There's a lot I could say about Mass Effect; for now I'll stick to one little detail, the conversation system. It might sound odd, in a game full of space exploration, gunfights, and crazy alien worlds, but this is what I was looking forward to trying out the most, and I can say that it delivered everything I expected.

The remarkable thing about Mass Effect's conversation system is that it is not a "revolutionary" change. In most games where you're allegedly supposed to be talking to other characters, conversation is done through a traditional dialog tree, and has been for probably decades at this point -- at least since the first point-and-click adventure games. You pick something to say off a menu, then the NPC responds, then you get a new menu and pick something else, the NPC responds to that, and so on until one or the other of you draws a gun. Although simple, this does the job, and certainly nobody's been able to come up with a better solution yet.

The dialog tree did take a hit, though, when games moved to full voice-overs and fully animated characters (as opposed to merely printing the responses in text format.) Now, a standard dialog tree has become rather awkward, because the conversation runs like this:

1. NPC says something.
2. A list of your options appears on the screen. Each option is a complete line of dialog the hero will say.
3. You read the options and choose one, while the NPC and the hero stand around staring at each other.
4. Having selected an option, you now sit and wait while the hero's voice actor recites the exact same line you just picked.
5. Repeat ten million times.

I'd never quite realized it, but this is absurd, and this is the problem that Mass Effect's system solves. It does two simple things:

1. Instead of the full line of dialog, the list of options shows just a brief summary -- usually only three words or so -- of what the option will make Commander Shepard say.
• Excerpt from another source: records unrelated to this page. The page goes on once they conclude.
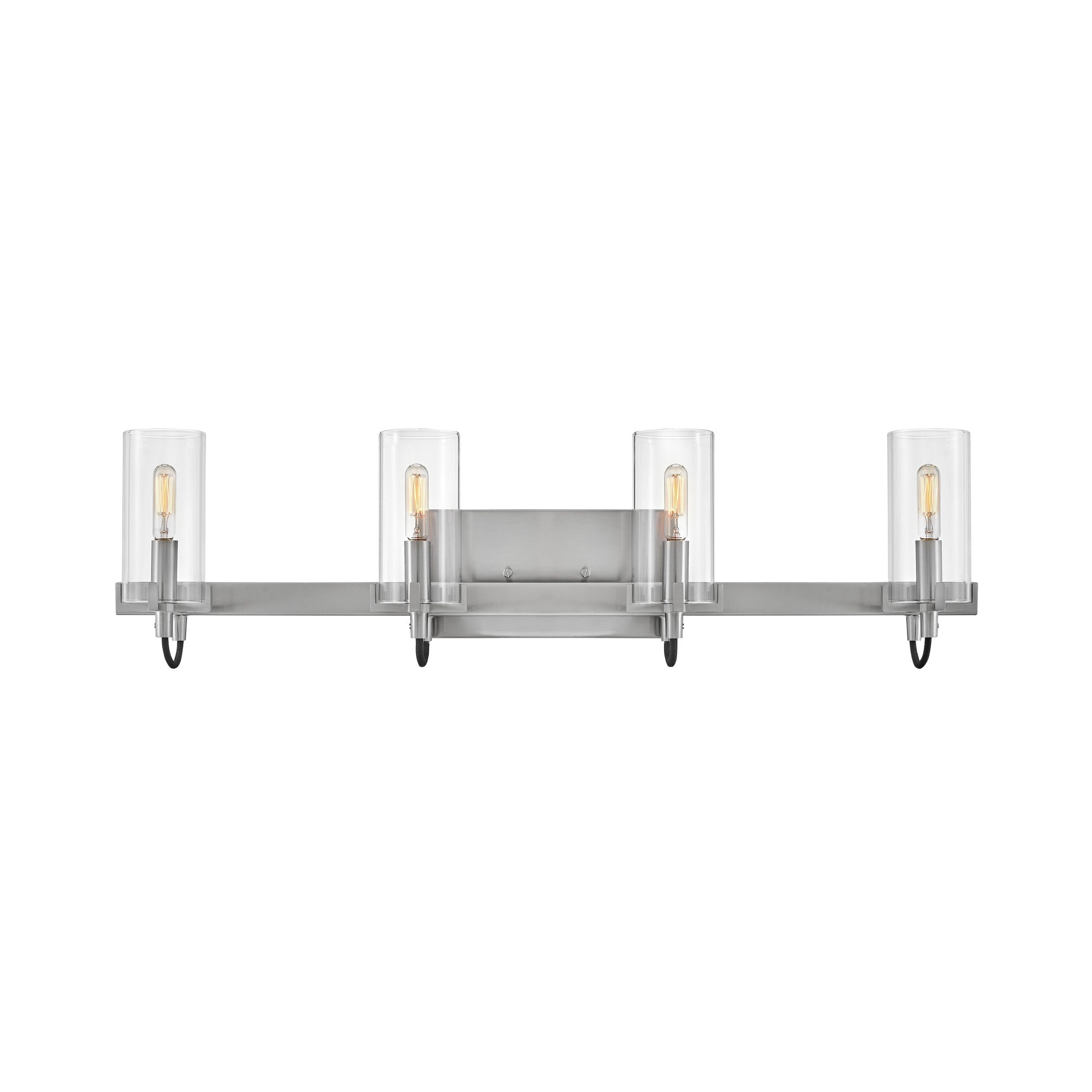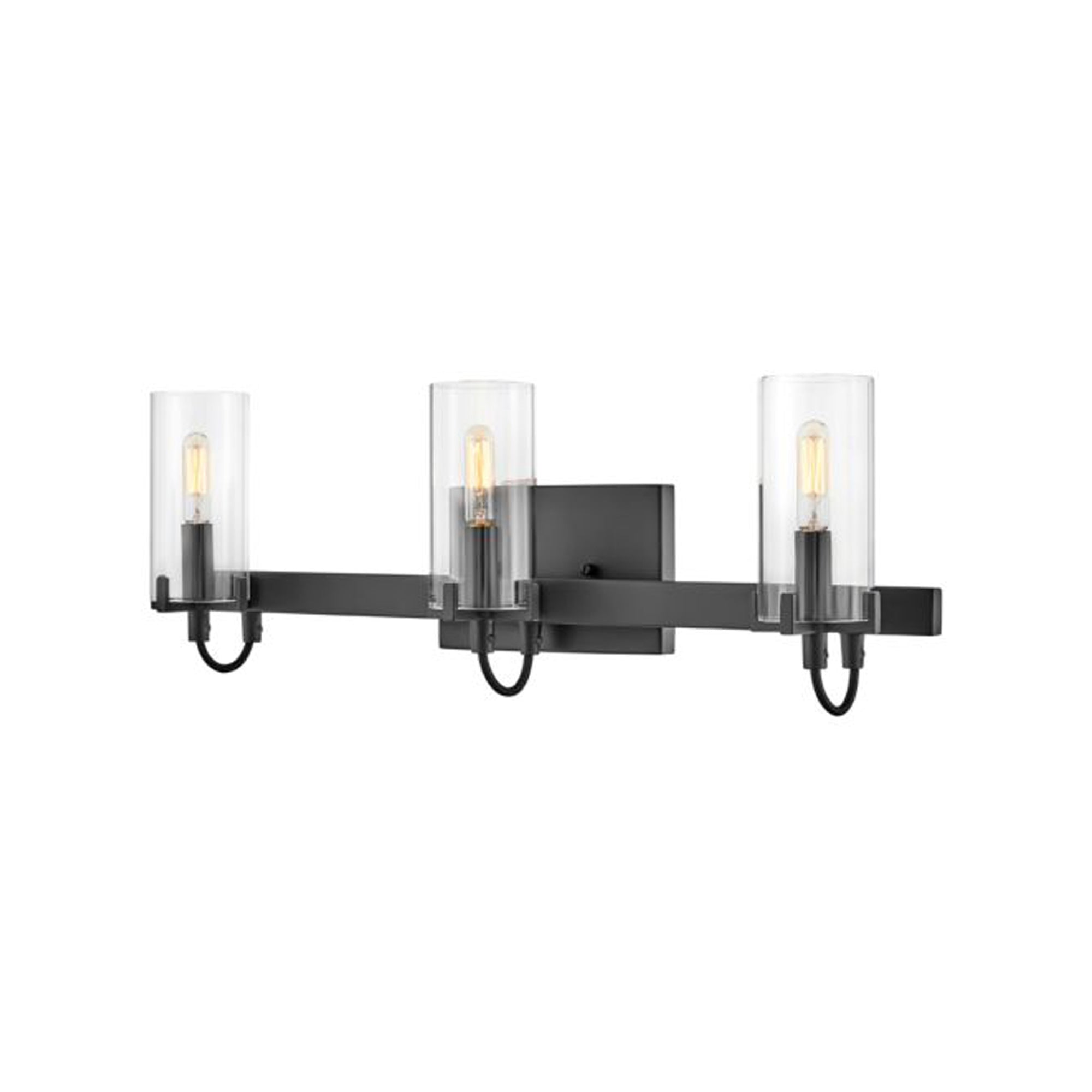 Clean, classic design elements bring charm and character to the Ryden Bath Vanity Light from Hinkley. Clean lines and a structured silhouette are emphasized with cast brackets that host cylinder of clear glass, creating a chic, torch-inspired silhouette that blends beautifully in traditional, transitional, and industrial spaces.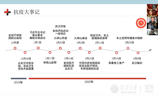 在主题团日的活动中,同学们共同回顾了抗“疫”以来发生的各种重大事件,以及清华大学在抗“疫”中所作出的种种贡献。清华师生始终与国家、与人民站在一起,为抗击疫情作出自己的努力,他们当中有的奔赴前线,有的科研战“疫”,有的保障后勤,而更多的同学们则在自己的家乡为抗击疫情尽己所能、随时准备着。在疫情当中,清华师生的种种作为展现了清华人的使命感,也展现了中国青年一代的责任与担当。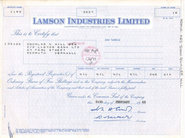 Lamson Industries Ltd (Titre 16 Act 5s £)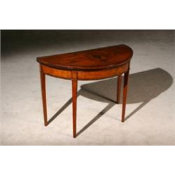 George III Marquetry Satinwood Demilune Fold-Top Games Table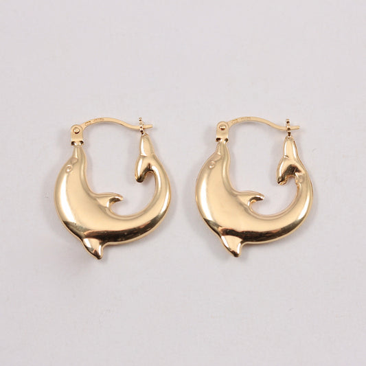 Pre-owned 9ct Gold Dolphin Hoop Earrings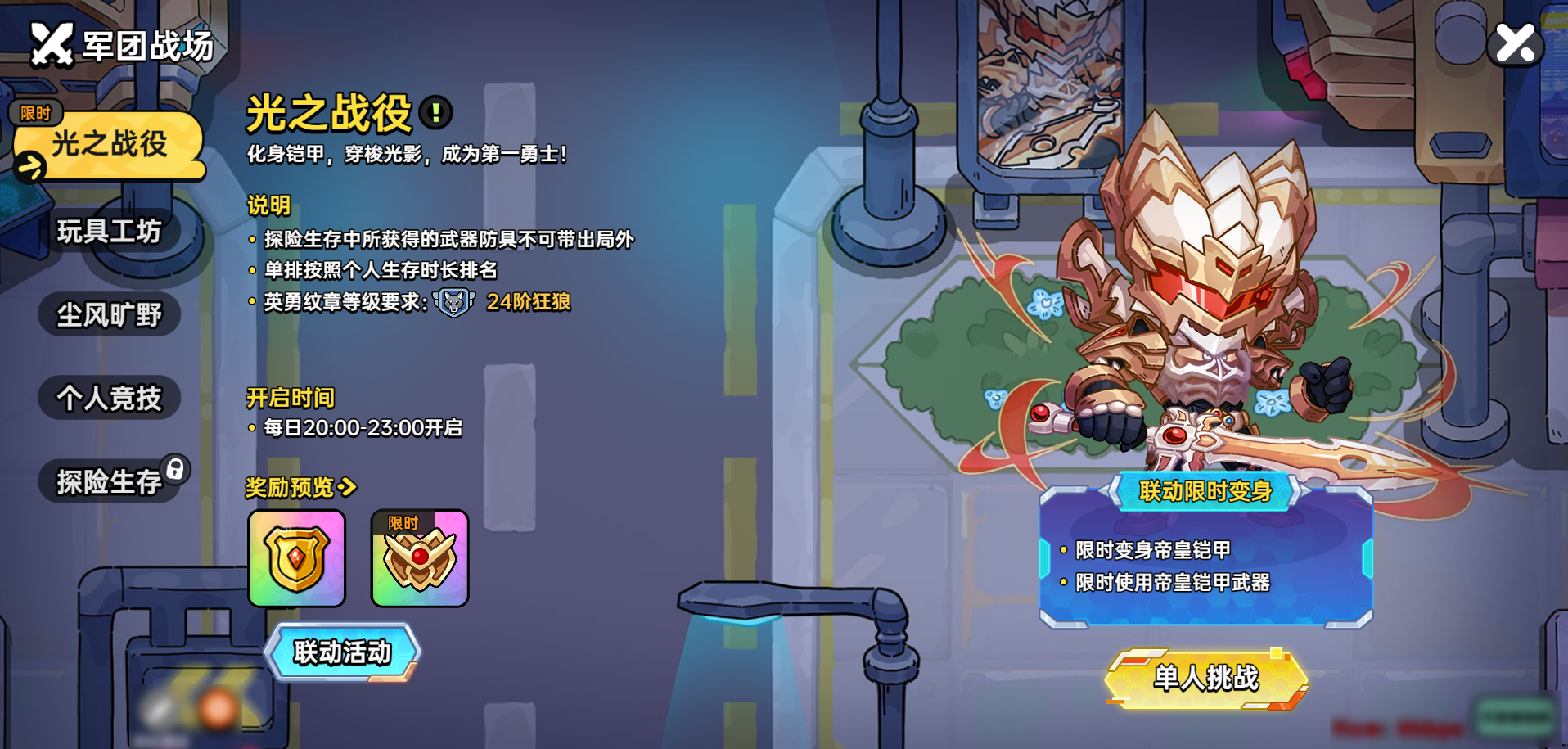 44 赞 · 93 评论自从英勇之地X铠甲勇士官宣联动,厨娘每天都能收到勇士们的催更! 于是厨娘每天蹲点策划办公室,蹲蹲蹲...捡到一张手绘图,这是?联动新皮肤! 全新时装【剑客-帝皇铠甲】 首位登场的是帝皇铠甲,当剑客手里的剑变成极光剑,一股强大的力量正在酝酿中... 玫瑰金配色彰显气质,红色点缀增添力量感,穿上帝皇铠甲,穿梭大陆守护正义之光,以天道之名踏破黑暗! 这就是霸气的帝皇铠甲!勇士们是不是心动了?!在下方【评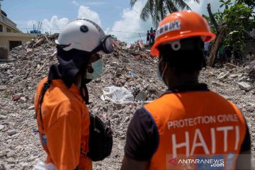 Dua orang personel SAR bersiap mengevakuasi korban meninggal dunia dari lokasi robohnya sebuah bangunan akibat gempa bumi berkekuatan 7,2 SR pada Sabtu lalu di Les Cayes, Haiti, Rabu (18/8/2021). ANTARA FOTO/REUTERS/Ricardo Arduengo/wsj.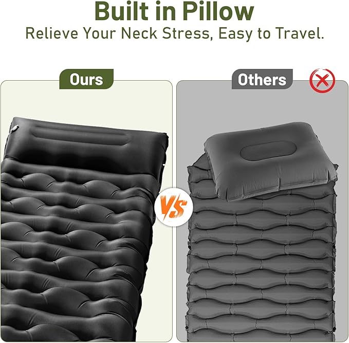 • 【Silent Comfort】Made with 200T pongee for a smooth, quiet feel, plus TPU lining for enhanced durability. This sleeping mat won’t squeak like nylon when you turn and twist. Built for peaceful sleep-Ideal for camping, car trips, or backpacking, where restful sleep matters most.
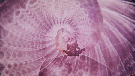 Silhouette of a yogi in a lotus asana on the background of a rotating pink background. Animation. Concept of golden ratio and self knowledge.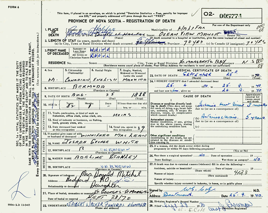 PROVINCE OF NOVA SCOTIA — REGISTRATION OF DEATH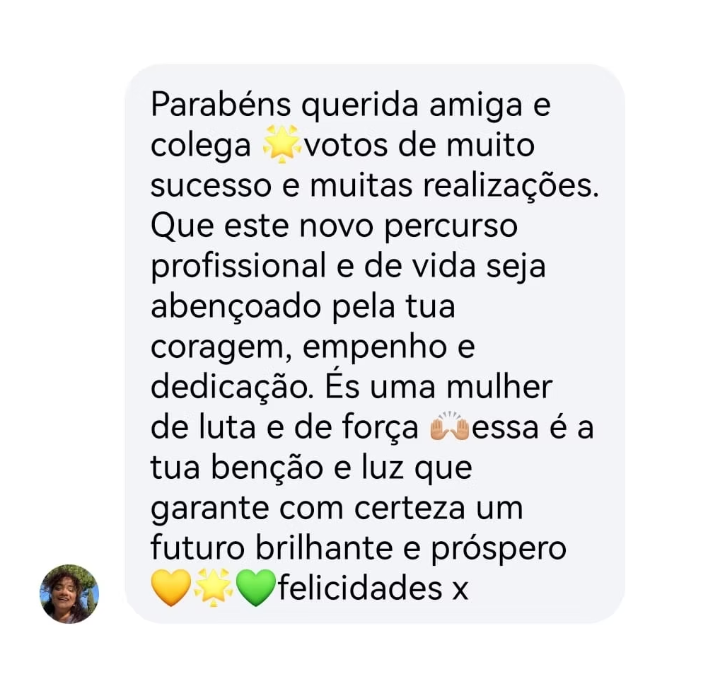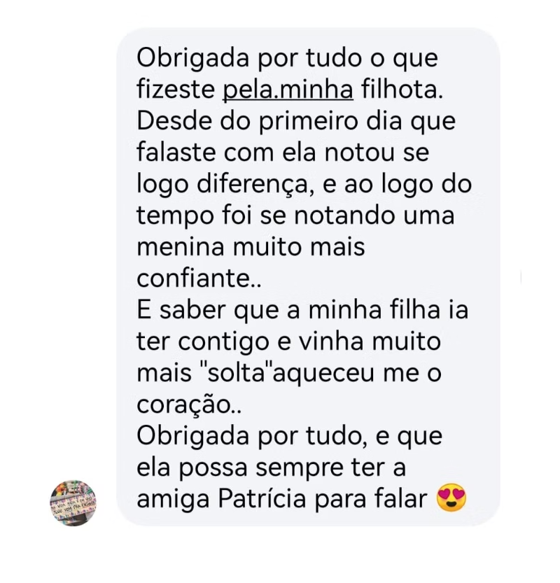 Obrigado por tudo o que fizeste pela minha filhota. Desde o primeiro dia que falaste com ela notou-se logo diferença, e ao longo do tempo foi-se notando uma menina muito mais confiante… E saber que a minha filha ia ter contigo e vinha muito mais “solta” aqueceu-me o coração… Obrigada por tudo, e que ela possa sempre ter a amiga Patrícia para falar 😍

Adding to your ability to choose quickly, the options appear on a simple wheel where the position of the choice adds additional information on how friendly and/or direct your tone will be.
2. The option wheel appears well before the other party has finished speaking, but after the gist of it is pretty clear, so you can queue up your response to go off as soon as it's Shepard's turn to speak.

This doesn't sound like much, but in action it's a revelation. When the other party in the conversation is done talking, you've already been able to see your options, pick one, and select it, so Shepard replies immediately, and not only that but "your" dialog is still interesting to hear as you don't actually know what specifically "you" will say until it is said. (Granted that the summaries aren't always perfect with the result that Commander Shepard comes out with some pretty startling things on occasion, but that's really an implementation detail.) The resulting conversation flows smoothly without any awkward pauses and holds the player's attention and interest the whole time. It's a beautiful refinement of the dialog tree system and I'm honestly going to have a harder time in the future with games that do it the old-fashioned way.